I confided to John O’Brien about what had happened, and he laughed before turning serious. We were replanting some of our first seedlings into their mature pots, and he stuck his spade upright in the dirt, brushing off his hands and giving me his full attention.
“Zoe, have you ever considered going on a date or something?”
“What?” I must’ve looked shocked, because he quickly shook his head.
“No. Oh, no. Not with me.” John went a bit pale with embarrassment. A few months before, after a couple of beers and a dinner with Siobhan, he had pulled me into an embrace while walking me home. I hadn’t even needed to protest—he drew away of his own accord and apologized profusely, saying he just felt like we were family, and had gotten confused. I never brought it up again. “With a young man. Someone your age?”
“Oh,” I said.
“It’s not that I think you did anything wrong, honey,” he added. “I just wonder sometimes if you don’t need another place to turn your attention. So those girls won’t get under your skin so much.”
I promised him I
’d think about it. There wasn’t, in truth, a lot of extra time in my days, though of course I’d structured them that way on purpose. The greenhouse was my life, and I kept a mental calendar of which sections needed pruning or fertilizer, how often a major cleaning was required to keep the window glass pristine. Before I left in the evenings—provided there was no freeze in effect, and thus that I was able to leave at all—I whispered good night to many of my favorite plants individually, thanking them for their hard work and telling them how beautiful they’d become. In my time off, I often had to wash or mend my clothes, or else clean out my room, and was always surprised by how much of my time cooking and shopping took up every week. I was in the process of looking for an apartment, as well. It seemed likely that unless Kay ratted me out for vulgarity, I’d be offered an extended contract at the greenhouse, and I didn’t want to stay on campus over the summer, or ever again. There were several small houses being let in the area, and I’d been making my way through them with help from Nadine, who enjoyed circling rental notices in the newspaper. When all that was through, I liked to read, or take quiet walks by myself. It seemed a full life.
But there was something about John’s suggestion that struck a chord with me, nevertheless. My body had always been serviceable: long enough limbs, strong enough hands, good teeth, decent digestion. I’d been so young when I began working with my parents in the Lipetsk field that it felt natural to consider my legs primarily in terms of locomotion, and my fingers as diligent pincers for plucking weeds or removing pests. In school I changed focus, but still, there were things I needed.

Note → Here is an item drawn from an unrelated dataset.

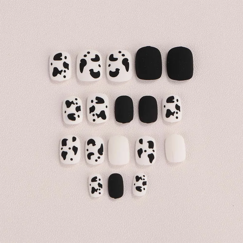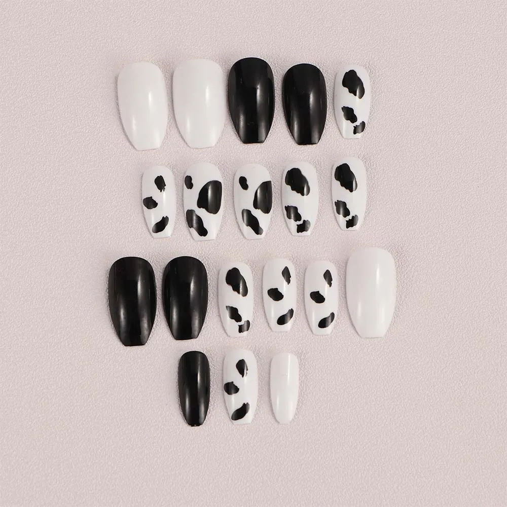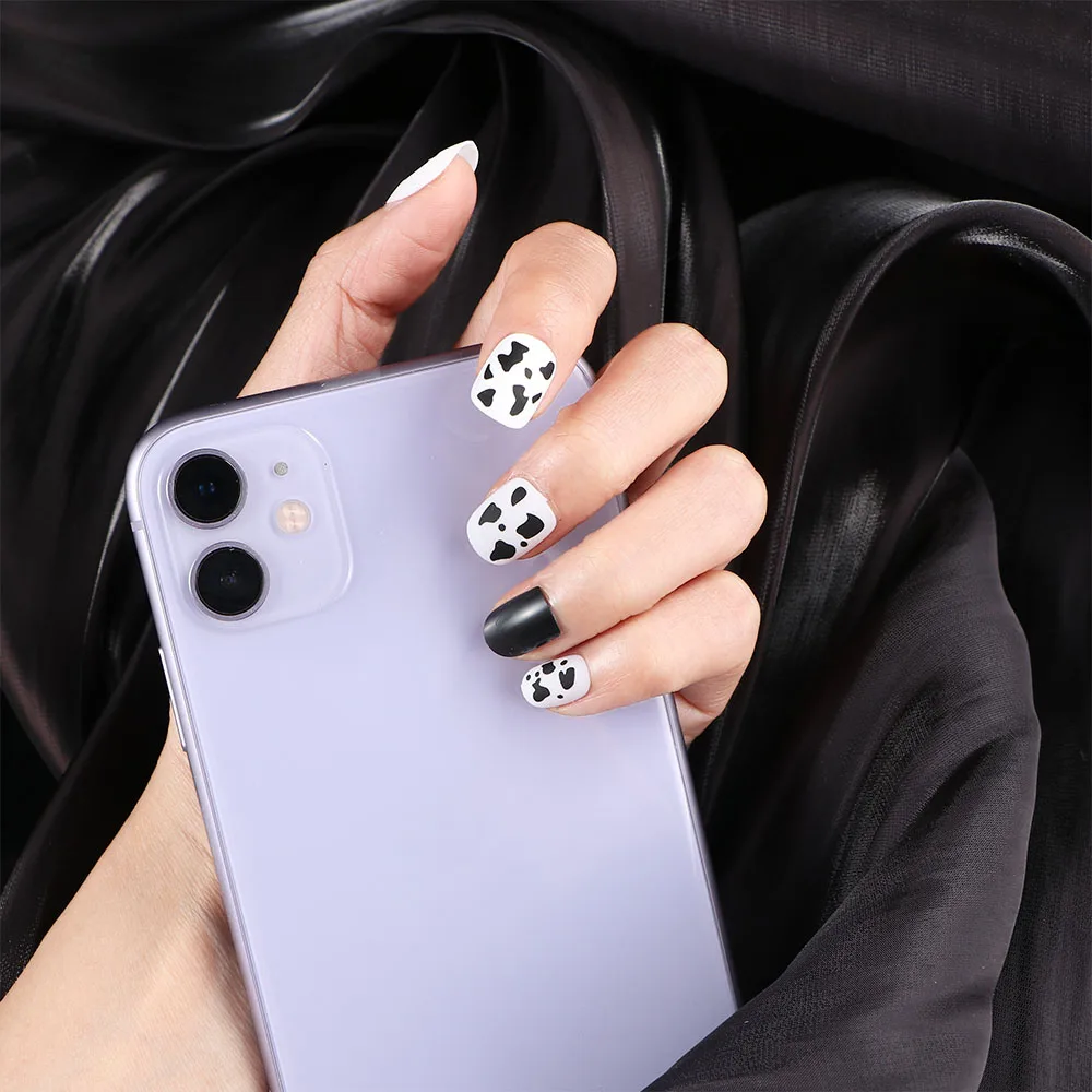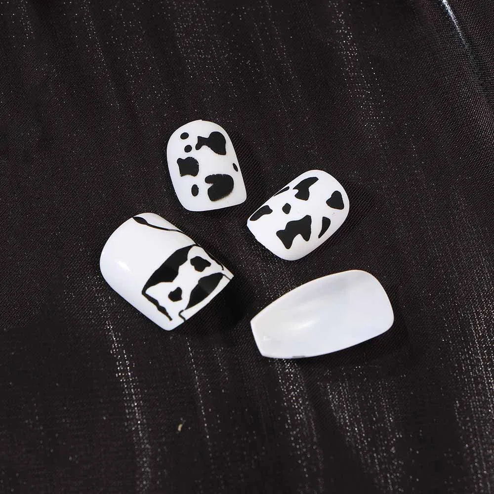 24 шт. черно-белый матовый коровья печать накладные ногти гроб накладные ногти УФ Дизайн гель Популярные черные пятна

Eyes for reading, the ability to sit without growing stiff. I hadn’t given much thought to the fact of my body, its very existence. There’d been no call to.
Lately, though, things were different. It would start like this: a morning walk around campus with the clouds grading down into fog and then mist and then rain, moisture stuck to the fibers of my sweater, heat inside my clothes. I’d breathe in, and the air would have a scent like chopped ice, though it wasn’t quite cold enough anymore to snow. Bits of too-big gravel would trouble my feet beneath my shoes, and I’d kick them off the path, turning just in time to see a swallow sweep down over the lawn. And then came the girls.